Estimating Real-World Costs of Training and Inference

Thus far, our proposed scaling law purely optimizes for minimum total (training + inference) FLOPs. However, in practice, we care far more about minimizing costs rather than compute, and the cost of a training FLOP is different from the cost of an inference FLOP. Inference is run on different hardware, with different prices, and at different utilizations. 

To make our method more applicable to real-world deployments, we modified our objective in Fig. 2. Instead of minimizing FLOPs, we minimized cost. To produce a good cost estimate, we split off training, prefill (processing prompts), and decoding (output generation) and estimated costs for each stage. Although our method simplifies how things work in the real world, it’s flexible enough to account for different hardware types and utilization. 

Adjusting our method from compute-optimal to cost-optimal can profoundly impact our recommendations. For example, assuming realistic numbers for training, prompt processing, and output generation, a Chinchilla-style 70B model is only 1% off the compute-optimal model for the same inference demand of 2 trillion tokens, but costs 36% more than a cost-optimal model.

Conclusion

Our research modifies scaling laws to account for the computational and real-world costs of both training and inference. As inference demand grows, the additional cost pushes the optimal training setup toward smaller and longer-trained models.  

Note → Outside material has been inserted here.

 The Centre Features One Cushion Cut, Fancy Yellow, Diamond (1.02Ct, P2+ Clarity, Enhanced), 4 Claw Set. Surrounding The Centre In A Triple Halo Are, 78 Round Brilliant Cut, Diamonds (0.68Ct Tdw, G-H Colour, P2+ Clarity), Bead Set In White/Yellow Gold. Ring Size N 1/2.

We experimentally validated the hypothesis that very small models, trained on enough data, can match larger ones trained to their Chinchilla ratio (20x tokens/parameter). Our results show that LLM practitioners operating in inference-heavy regimes can (and often should!) train models considerably longer than the current literature suggests and continue to see quality improvements.

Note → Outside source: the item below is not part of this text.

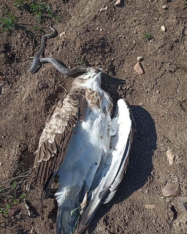Las imágenes de hoy muestran una escena especialmente trágica y poco común: un ejemplar de águila culebrera (Circaetus gallicus) ha muerto electrocutada tras cazar una serpiente y posarse sobre una torreta eléctrica.

Finally, this work inspired our development of DBRX, a Databricks Mixture-of-Experts model with 132B total parameters trained for 12 trillion tokens. Want to train your own models? Contact us! At Databricks Mosaic AI, we conduct LLM research like this so you can train high-quality, performant models more efficiently on our platform.

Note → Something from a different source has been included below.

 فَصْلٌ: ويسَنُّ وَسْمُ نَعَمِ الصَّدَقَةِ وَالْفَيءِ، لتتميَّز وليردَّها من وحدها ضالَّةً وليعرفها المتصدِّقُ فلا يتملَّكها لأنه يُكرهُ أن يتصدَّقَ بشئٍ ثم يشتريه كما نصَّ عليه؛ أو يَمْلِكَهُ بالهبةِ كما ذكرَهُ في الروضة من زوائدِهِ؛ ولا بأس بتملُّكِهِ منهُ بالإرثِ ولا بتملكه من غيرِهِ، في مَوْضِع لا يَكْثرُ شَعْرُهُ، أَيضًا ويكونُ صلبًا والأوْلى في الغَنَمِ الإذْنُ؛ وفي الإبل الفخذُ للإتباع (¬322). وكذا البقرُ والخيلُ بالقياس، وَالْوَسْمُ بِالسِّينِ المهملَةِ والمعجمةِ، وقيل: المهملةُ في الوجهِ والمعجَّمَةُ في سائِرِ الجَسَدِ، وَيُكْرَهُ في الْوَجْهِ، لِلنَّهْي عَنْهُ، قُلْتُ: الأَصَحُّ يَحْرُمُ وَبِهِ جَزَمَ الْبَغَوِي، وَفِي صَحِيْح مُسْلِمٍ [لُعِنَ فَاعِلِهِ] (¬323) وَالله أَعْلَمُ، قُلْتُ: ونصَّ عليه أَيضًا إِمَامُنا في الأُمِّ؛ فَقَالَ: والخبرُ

Interested in developing language models and sharing insights about them? Join Databricks Mosaic AI! We have open engineering and research positions.

Notes and Further Reading

This research was first published in early form in December 2023 at the NeurIPS 2023 Workshop on Efficient Natural Language and Speech Processing. It will be presented in July 2024 at the International Conference on Machine Learning. The full research paper may be viewed at this link: Beyond Chinchilla-Optimal: Accounting for Inference in Language Model Scaling Laws.

Many studies have contributed to the development of scaling laws for LLMs, including Hestness et al. (2017; 2019), Rosenfeld et al. (2019), Henighan et al. (2020), Kaplan et al. (2020), Sorscher et al. (2022), and Caballero et al. (2022) (see Villalobos (2023) for a review). Some of these studies focused on scaling laws for transfer settings (i.e. downstream performance), such as Hernandez et al. (2021); Mikami et al. (2021); Abnar et al. (2021) and Tay et al. (2022).

A few studies such as Besiroglu et al. (2024) and Porian et al. (2024) have also further scrutinized the parametric function fitting approach of the original Chinchilla paper by Hoffman et al. 2022.

A handful of exciting scaling law papers have been published since 2023, when an earlier version of this work was presented (Sardana and Frankle 2023). For example, Krajewski et al. (2024) characterize differences in scaling properties between dense transformers and Mixture of Expert (MoE) models. More theoretical studies include Michaud et al. (2024), Bordelon et al. (2024), Paquette et al. (2024) and Ruan et al. (2024).

The results presented in Gadre et al. (2024) are particularly relevant to this paper. The authors train 100 models between the sizes of 1.4B and 6.9B parameters and on data with tokens-per-parameter ratios between 20 and 640. Similar to our study, they find reliable scaling laws in these model and data regimes. They also find that downstream task performance is strongly correlated to LLM perplexity.